[PROVIDED RECORDS Boundary: Start]

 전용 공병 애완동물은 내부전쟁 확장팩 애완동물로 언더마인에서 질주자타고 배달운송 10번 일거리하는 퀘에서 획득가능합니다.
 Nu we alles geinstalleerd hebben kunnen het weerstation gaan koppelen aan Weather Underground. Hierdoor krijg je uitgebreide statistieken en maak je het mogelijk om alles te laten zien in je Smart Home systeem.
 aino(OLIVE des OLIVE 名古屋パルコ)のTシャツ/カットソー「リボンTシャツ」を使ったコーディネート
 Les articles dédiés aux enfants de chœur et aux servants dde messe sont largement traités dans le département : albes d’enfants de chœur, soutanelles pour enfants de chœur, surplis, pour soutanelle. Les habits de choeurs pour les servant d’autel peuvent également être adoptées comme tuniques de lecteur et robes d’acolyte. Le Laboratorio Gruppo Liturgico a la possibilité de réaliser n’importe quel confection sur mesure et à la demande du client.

[PROVIDED RECORDS Boundary: End]
[PROVIDED RECORDS Boundary: Start]

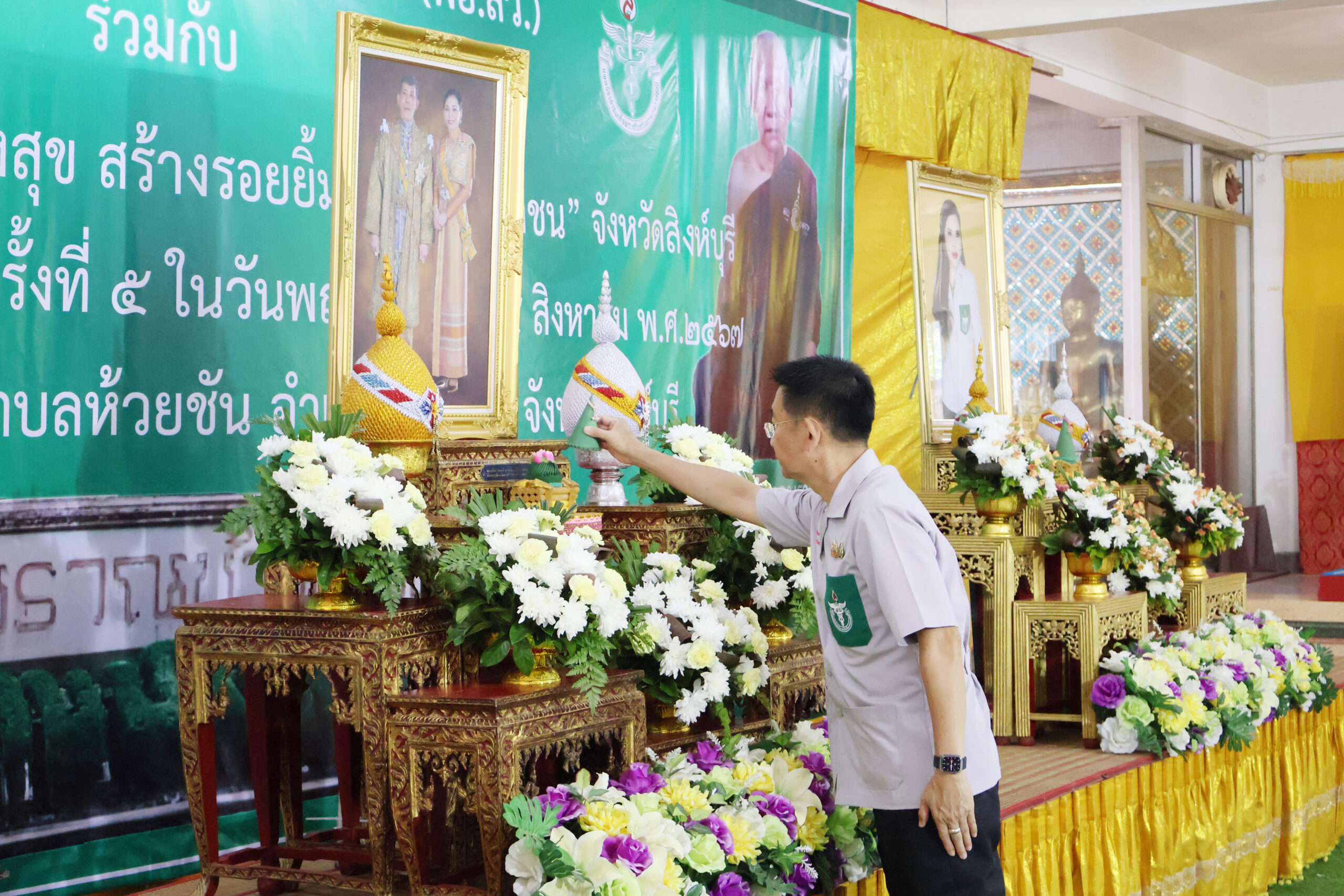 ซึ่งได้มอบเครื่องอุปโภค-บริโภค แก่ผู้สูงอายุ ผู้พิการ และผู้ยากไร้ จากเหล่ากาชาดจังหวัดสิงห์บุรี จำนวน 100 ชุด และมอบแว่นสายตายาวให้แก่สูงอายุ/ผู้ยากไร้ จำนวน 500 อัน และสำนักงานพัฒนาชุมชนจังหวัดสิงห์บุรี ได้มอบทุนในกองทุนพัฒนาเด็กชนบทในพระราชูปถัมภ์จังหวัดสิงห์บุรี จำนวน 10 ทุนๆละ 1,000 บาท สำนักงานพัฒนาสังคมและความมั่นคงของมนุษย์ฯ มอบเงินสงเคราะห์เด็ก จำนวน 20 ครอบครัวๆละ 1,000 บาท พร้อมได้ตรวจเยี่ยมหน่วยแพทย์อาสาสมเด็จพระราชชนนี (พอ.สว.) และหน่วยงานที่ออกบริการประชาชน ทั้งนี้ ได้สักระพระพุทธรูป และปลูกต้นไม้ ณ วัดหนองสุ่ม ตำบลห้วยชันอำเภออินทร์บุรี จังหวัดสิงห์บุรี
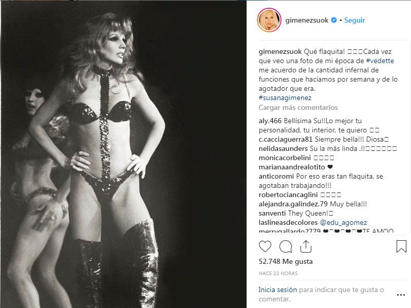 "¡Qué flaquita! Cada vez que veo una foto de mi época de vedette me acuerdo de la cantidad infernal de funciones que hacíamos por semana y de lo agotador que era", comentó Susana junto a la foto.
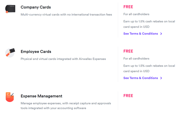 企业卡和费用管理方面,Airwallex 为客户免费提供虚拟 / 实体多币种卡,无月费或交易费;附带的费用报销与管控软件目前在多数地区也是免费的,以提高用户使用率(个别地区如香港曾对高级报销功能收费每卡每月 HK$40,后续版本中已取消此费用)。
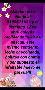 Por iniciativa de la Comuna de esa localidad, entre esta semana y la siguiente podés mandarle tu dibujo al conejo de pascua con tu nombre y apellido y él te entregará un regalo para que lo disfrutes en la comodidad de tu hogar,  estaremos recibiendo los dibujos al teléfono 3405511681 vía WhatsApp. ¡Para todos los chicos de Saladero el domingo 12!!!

[PROVIDED RECORDS Boundary: End]
[PROVIDED RECORDS Boundary: Start]

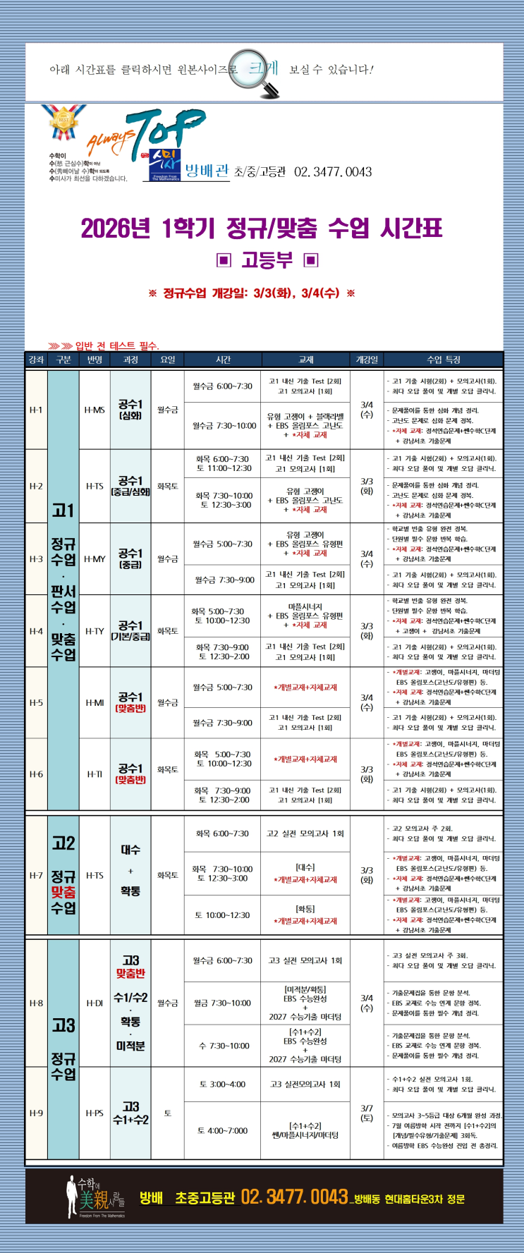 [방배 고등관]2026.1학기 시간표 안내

[PROVIDED RECORDS Boundary: End]

● TASK ITEM:
The stretch to restate runs from the line above containing "ซึ่งได้มอบเครื่องอุปโภค-บริโภค แก่ผู้สูงอายุ ผู้พิการ" through the line containing "企业卡和费用管理方面,Airwallex 为客户免费提供虚拟 /". Copy it word for word, ends included, without pictures.

● SOLUTION TO THIS EXERCISE:
 ซึ่งได้มอบเครื่องอุปโภค-บริโภค แก่ผู้สูงอายุ ผู้พิการ และผู้ยากไร้ จากเหล่ากาชาดจังหวัดสิงห์บุรี จำนวน 100 ชุด และมอบแว่นสายตายาวให้แก่สูงอายุ/ผู้ยากไร้ จำนวน 500 อัน และสำนักงานพัฒนาชุมชนจังหวัดสิงห์บุรี ได้มอบทุนในกองทุนพัฒนาเด็กชนบทในพระราชูปถัมภ์จังหวัดสิงห์บุรี จำนวน 10 ทุนๆละ 1,000 บาท สำนักงานพัฒนาสังคมและความมั่นคงของมนุษย์ฯ มอบเงินสงเคราะห์เด็ก จำนวน 20 ครอบครัวๆละ 1,000 บาท พร้อมได้ตรวจเยี่ยมหน่วยแพทย์อาสาสมเด็จพระราชชนนี (พอ.สว.) และหน่วยงานที่ออกบริการประชาชน ทั้งนี้ ได้สักระพระพุทธรูป และปลูกต้นไม้ ณ วัดหนองสุ่ม ตำบลห้วยชันอำเภออินทร์บุรี จังหวัดสิงห์บุรี
 "¡Qué flaquita! Cada vez que veo una foto de mi época de vedette me acuerdo de la cantidad infernal de funciones que hacíamos por semana y de lo agotador que era", comentó Susana junto a la foto.
 企业卡和费用管理方面,Airwallex 为客户免费提供虚拟 / 实体多币种卡,无月费或交易费;附带的费用报销与管控软件目前在多数地区也是免费的,以提高用户使用率(个别地区如香港曾对高级报销功能收费每卡每月 HK$40,后续版本中已取消此费用)。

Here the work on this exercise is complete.